Someone told me about Welcome to the Raw Dog Ranch and I was able to find percentages there, so I have calculated the percentages as follows:

2.46 lbs per day leaving that 19.68 oz per meal.

45% RMB = 8.85 oz
45% MM = 8.85 oz
5% OM = 1 oz
5% Fruits/Veggies/yogurt = 1 oz

Now that all being said I'm am slightly concerned about the amounts. It seems like that is too much. I haven't seen very many people feeding more than 2 lbs a day. I also haven't seen very much guidance on the particulars on RMB, MM and OM as what type of each he needs, chicken, beef, turkey, lamb, etc... does one have more nutrients than the other should it be equally spread, what kind of supplements should I be giving him. 
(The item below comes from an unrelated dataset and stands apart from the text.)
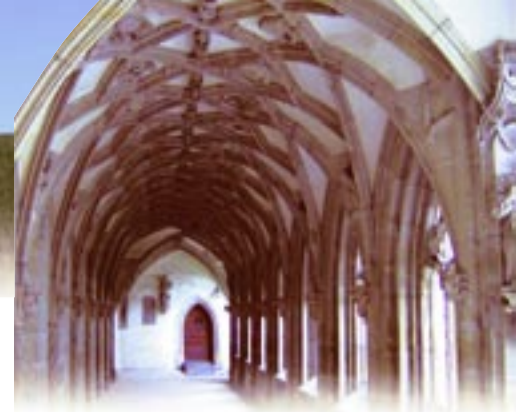
Kreuzgang in Himmelkron

von ca. 1490, u.a. mit Aposteldarstellungen, unter ihnen auch Jakobus d. Ä.) lohnen einen Besuch. Der Weg führt bewusst an der Autobahnkirche St. Christophorus (1998, Pilgerstempel) vorbei. Die Nachbildung des Labyrinths von Chartres auf dem Vorplatz ist ein Pilgerweg im Kleinen. Auf dem Höhenrücken hinter Lanzendorf lohnt der Ausblick zurück auf den Frankenwald und den Steilabfall der „Fränkischen Linie“ und auf die Gipfel des Fichtelgebirges. Hinter Ramsenthal überqueren wir den 50. Breitengrad und erreichen über Crottendorf (Einkehrmöglichkeit) und Schupfenschlag am Klinikum „Hohe Warte“ den Stadtrand Bayreuths. (Wenig später mündet der Anschluss von und nach Neudrossenfeld.) Der Weg führt an Festspielhaus (WC) und Bahnhof vorbei zum Anneckplatz (WC). Hier wird der Rotmainweg nach Creußen erreicht, dem der Jakobusweg später folgt.

I just would really like some advice on starting him off. I think this diet would be great for him and he would enjoy it so much more than kibble, as he is an EXTREMELY picky eater. 

ADVICE PLEASE!!! Thanks


----------



## marshies (May 18, 2011)

I'm not sure where you are, but on Facebook, there's a Toronto Raw Feeding group that has documents which list the bone content for each types of meat, among other documents that could help you with your decision.


----------



## GatorDog (Aug 17, 2011)

My boy is only 83lbs and 2lbs a day kept him extremely thin. He's very active and we do a lot of work/training together so right now I'm feeding somewhere between 2.5 and 3lbs a day to keep him looking not so emaciated. I think some dogs might be able to just metabolize faster and may need more than 2lbs

Aiden would literally go up to 5 days without touching kibble if I let him. The switch to raw was cold turkey and he took to it immediately and ate like I'd never seen him due before.

When I started, I used chicken quarters from Walmart. You may need to take some bone out depending on your dog, but watch his poop to make that decision. Mine needs a little more bone in his diet to avoid diarrhea, so the amount of bone in the quarters was perfect for him. I stuck with chicken fro about 3 weeks, and then introduced turkey. Then another few weeks and some beef, pork, lamb, etc.

Like you, I did a TON of research before I started and I was extremely overwhelmed at the beginning. I was so scared that I would do something wrong and he would be lacking essential things and the diet wouldn't work, but I did it and now I've learned not to expect perfection. I don't feed based on a "rotating" schedule as much as I feed with what I can get for a good price. I give a good variety throughout the month and thats all that really seems to matter.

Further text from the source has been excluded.